Donnerstag, 4. Juli 2024

Ernteprognose 2024: Bauern kämpfen weiter mit Wetterextremen

hier  Tagesschau  01.07.2024 Axel John

In den vergangenen Jahren kämpften die Landwirte mit extremer Trockenheit, jetzt machen ihnen teils sintflutartige Niederschläge zu schaffen. Um mit Nässe und Schimmel klarzukommen, müssen sie verstärkt Pestizide einsetzen.

Uwe Bißbort läuft einen Feldweg entlang und zeigt immer wieder auf seine Ackerfläche. Eigentlich sollte jetzt hier Raps wachsen. "Hier stand im Frühjahr und auch im Mai überall das Wasser auf den Feldern. Die Saat konnte gar nicht angehen. Der Ausfall bei mir liegt bei 30 Prozent", erklärt Bißbort. Grund sei der viele Regen gewesen. "Wir haben hier normalerweise rund 750 Liter Regenwasser pro Jahr. Bislang waren es schon mehr als 1.200 Liter. Das war selbst nach den Trockenjahren viel zu viel." 

Mit dem Regen kamen Pilzkrankheiten

Bißbort ist Landwirt im Südwesten von Rheinland-Pfalz. In Windsberg betreibt er in seinem Familienbetrieb neben Schweinezucht auch Ackerbau: Wintergerste, Erbsen, Mais, Zuckerrüben und Raps. Bei der Gerste rechnet Bißbort mit Ausfällen von rund 60 Prozent wegen der Nässe. Im regenreichen Mai kamen mit den ansteigenden Temperaturen dann noch verstärkt Pilzkrankheiten dazu, die Bißbort mit Pflanzenschutzmitteln bekämpfte, um zumindest seine reduzierten Erträge zu retten.

"Manche Landwirte in der Region hat es wegen des Regens noch härter getroffen, vor allem diejenigen, die in Tallagen ihre Flächen haben. Da war alles so aufgeweicht, dass sie nicht mal mehr auf ihre Äcker kamen", erzählt Bißbort. "Ich rechne insgesamt mit einem Gesamtminus von 30 Prozent für meinen Hof in diesem Jahr", rechnet Bißbort zusammen.

Er hat aber eine damit verbundene Botschaft an die Verbraucher: "Ich bin mit meinen Ausfällen kein Einzelfall. Höhere Preise im Supermarkt dürfen aber nicht die Folge sein. Der Handel mit Agrarrohstoffen ist global. Das kann ausgeglichen werden", so der Landwirt. "Der Handel darf die Wetterkapriolen nicht missbrauchen, um höhere Preise durchzusetzen."

Ernte ohne Pflanzenschutz gefährdet

Eine Autostunde entfernt bereitet sich Landwirt Thomas Knecht auf die Ernte vor. In einer Woche kann es hier in Herxheim vermutlich mit dem Weizen losgehen. "Der viele Regen im Herbst erschwerte die Aussaat des Wintergetreides und aufgrund des nassen und wechselhaften Wetters ist die Getreideernte etwas später als in den Vorjahren", so der 54-Jährige.

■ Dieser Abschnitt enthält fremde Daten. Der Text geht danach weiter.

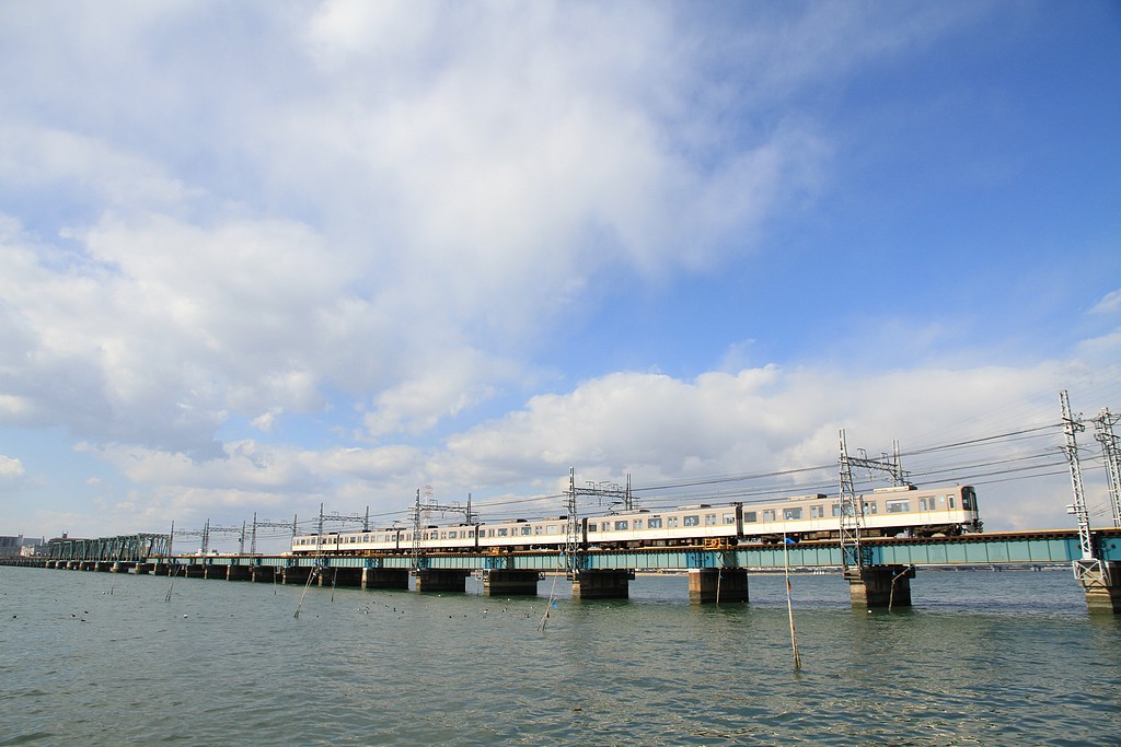 水面ぎりぎりの高さでガーダー橋が続いているため、いろいろな構図で撮影することができます。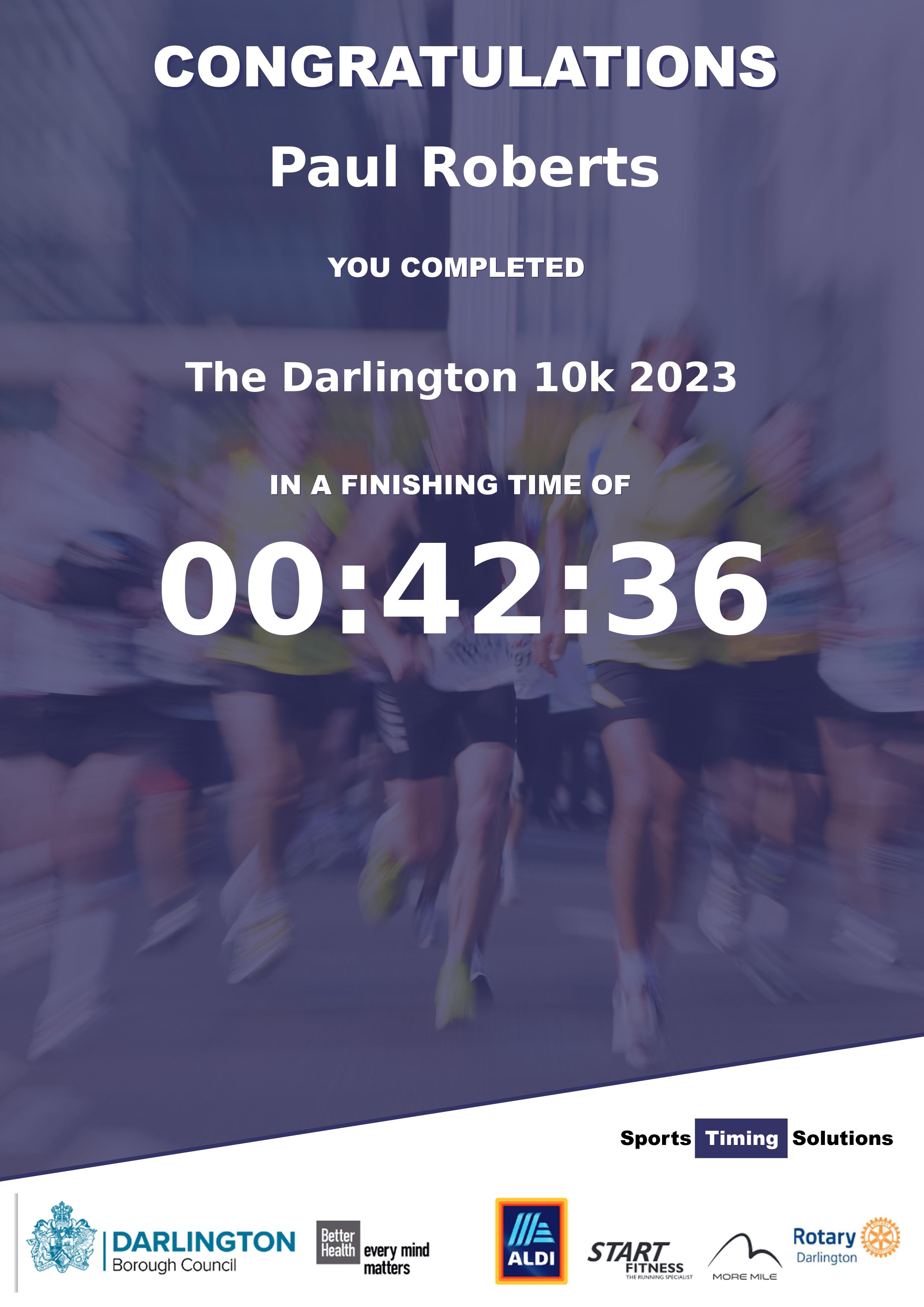 Congratulations Paul Roberts after completing The Darlington 10k 2023 why not remember your accomplishment by purchasing our unique professionally printed, high quality 11oz race results mug. Keep that lasting memory forever. All of our race mugs mugs are personally designed and made to order and ready to deliver within 5–10 business days. Although our mugs are dishwasher safe the high temperatures of the dishwasher can fade the images. We advise handwashing only.Delivery is £3.50 Includes P&P. We only deliver within the UK

Auch Knecht musste sich mit vielen Pilzkrankheiten herumschlagen, deshalb brachte er dreimal Pflanzenschutzmittel aus. Normalerweise ist das nur einmal nötig. "Das Thema löst bei vielen Verbrauchern Ängste aus. Aber alle Substanzen bauen sich innerhalb kurzer Zeit und lange vor der Ernte wieder ab. Ohne Pflanzenschutz wäre die Ernte in diesem Jahr gefährdet gewesen. Zudem sind Schadpilze an dem Weizenkorn für Mensch und Tier auch ungesund", so Knecht.


07.06.2024 hier

Unwetterfolgen: Hochwasser vernichtet Ernte vieler Höfe 

In den überfluteten Gebieten Süddeutschlands drohen enorme Ernteausfälle. Felder stehen unter Wasser, Tiere mussten evakuiert werden. Das Ausmaß der Schäden ist noch nicht zu beziffern.


Der Landwirt erwartet in diesem Jahr ein durchschnittliches Ergebnis. "Angesichts der Wetterkapriolen würde ich damit zufrieden sein." Für den Verbraucher dürften beim Bäcker die Preise nach Einschätzung von Knecht stabil bleiben. "Der Anteil des Weizenpreis am Brötchen liegt bei maximal einem dreiviertel Cent. Den Löwenanteil machen Energie- und Personalkosten sowie Logistik aus." 

Bauernverband zieht gemischte Zwischenbilanz

In seiner heute vorgelegten Prognose geht der Deutsche Bauernverband (DBV) von einer Getreideernte von knapp 42 Millionen Tonnen aus. Das würde leicht unter dem Vorjahresergebnis liegen. "Wir erwarten eine knapp durchschnittliche Ernte. Die Witterungsbedingungen stellen uns Landwirte in diesem Jahr vor große Herausforderungen", so der Präsident des Deutschen Bauernverbandes, Joachim Rukwied. Die ungewöhnlich starken Niederschläge der vergangenen Monate hätten in vielen Regionen zu Überschwemmungen und Staunässe geführt. Später sei dann Pilzbefall dazu gekommen.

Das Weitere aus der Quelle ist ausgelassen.